Когда я разбудил Герберта, он тут же вскочил на ноги:

- Что случилось?

Убедившись, что ничего не случилось, он снова захрапел, чтобы убить время.

Как я ни вслушивался, гул мотора ниоткуда не доносился!

Я попытался себе представить, что было бы, если бы вдруг не стало никаких моторов, как во времена майя. Надо же было о чем-то думать. Что касается доставки плит, то изумление по этому поводу мне кажется детским: они просто-напросто сооружали своего рода мостки и волокли по ним каменные глыбы с тем идиотским пренебрежением к человеческим силам, которое как раз и свидетельствует о примитивности их культуры. С другой стороны, их астрономия! По их календарю солнечный год насчитывает, как сообщил нам любитель развалин, 365,2420 дня вместо 365,2422 по современному исчислению; и все же, несмотря на свои успехи в математике, которые нельзя не признать, они не создали никакой техники и тем самым были обречены на гибель.

Наконец прикатил лендровер.

Чудо произошло, когда наш любитель руин услышал, что нам нужно перебраться через границу, в Гватемалу. Он пришел от этого в неописуемый восторг. Он тут же вытащил свою записную книжку, чтобы подсчитать, сколько дней отпуска у него еще осталось. В Гватемале, сказал он, полным-полно городов майя, многие из них еще почти не раскопаны, и, если мы согласны взять его с собой, он постарается, используя свою дружбу с нашим хозяином Лакруа, получить лендровер, хотя нам его дать отказались. И ему это действительно удалось (за сто песо в день).

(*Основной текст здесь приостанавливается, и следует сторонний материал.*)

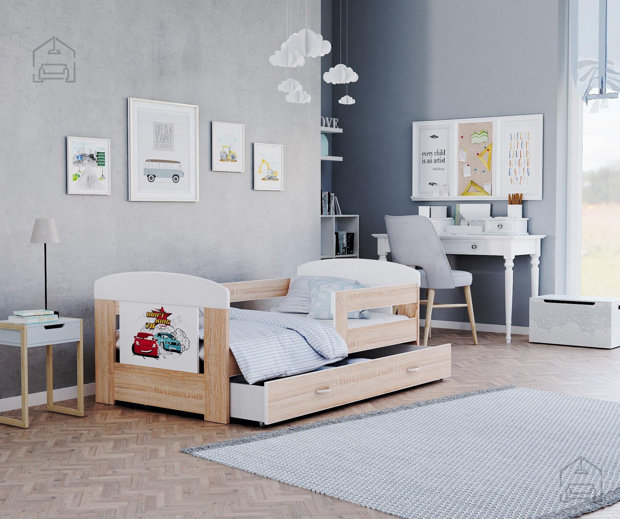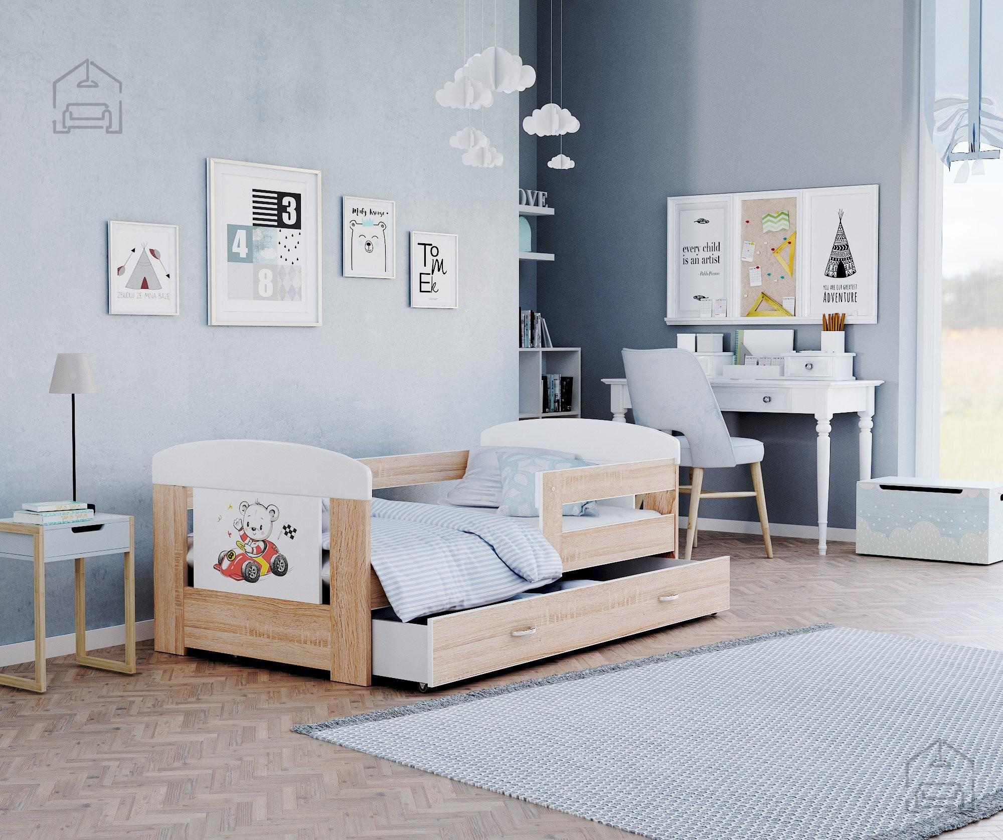 Otroška postelja Lucky je izjemno priljubljen izbor med otroškimi posteljami iz več razlogov. Ne le zaradi zelo privlačne cene, temveč tudi zaradi tega, ker je v komplet vključeno vse, kar vaš otrok potrebuje za dober spanec. Poleg postelje sta v set namreč vključena tudi posteljni pod in ležišče iz pene (7 cm debeline). Da boste zadovoljni tudi vi, je tu še velik predal za shranjevanje posteljnine ali česar koli drugega. In za popolno brezskrbnost staršev je tu še varovalna ograja, ki bo preprečila morebiten padec vašega otroka med spanjem. S posteljo Lucky boste privarčevali pri času in denarju.
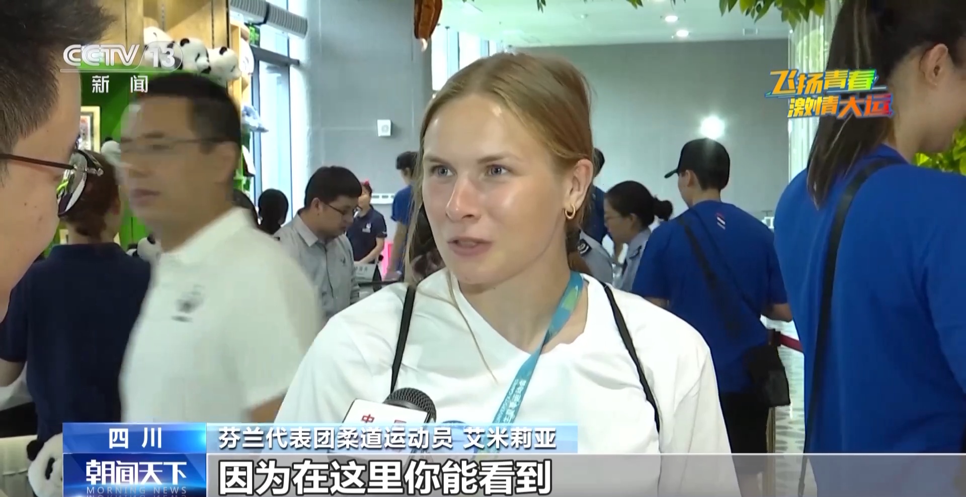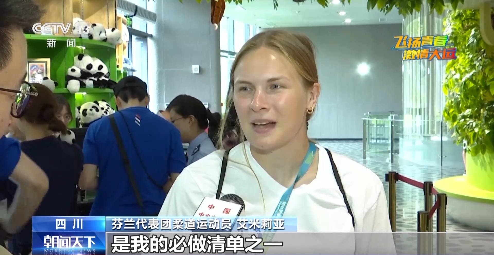 芬兰代表团柔道运动员 艾米莉亚:在芬兰我们也有大熊猫,都来自中国,所以来中国看大熊猫一直是我的梦想,是我成都之行的必做清单之一。

Мы стали собираться в дорогу. Это было как раз воскресенье, знойная ночь с расплывшейся луной; и тут выяснилось, что странный шум, будивший меня каждое утро, был музыкой - бренчанием на старинной маримбе, странной музыкой, похожей на стук молотка, начисто лишенной мелодичности, ужасающей музыкой, способной довести до эпилептического припадка. Они справляли какой-то праздник, связанный с полнолунием. Оказывается, каждое утро, перед тем как отправиться на полевые работы, они репетировали, чтобы этой ночью аккомпанировать танцам; и вот теперь пять индейцев остервенело били молоточками по инструменту - это был своего рода ксилофон, длинный, как стол. Я проверял мотор, чтобы избежать аварии в джунглях, и мне было некогда глядеть на эти танцы: я лежал под лендровером. Индианки сидели рядами на площади, почти все с младенцами, сосавшими их шоколадные груди, а танцоры исходили потом и пили кокосовое молоко. В течение ночи народу сходилось все больше, сюда стекались целые племена; девушки не были в национальных костюмах, как обычно, а нарядились для празднования полнолуния в американское готовое платье, и это обстоятельство привело в негодование Марселя, нашего музыканта-бостонца: несколько часов он никак не мог успокоиться. У меня были другие заботы: как пускаться в путь без оружия, без компаса, без самых необходимых вещей! К фольклору я был равнодушен. Я загружал наш лендровер - кто-то же должен был этим заняться, а я это делал с охотой, чтобы поскорей двинуться дальше.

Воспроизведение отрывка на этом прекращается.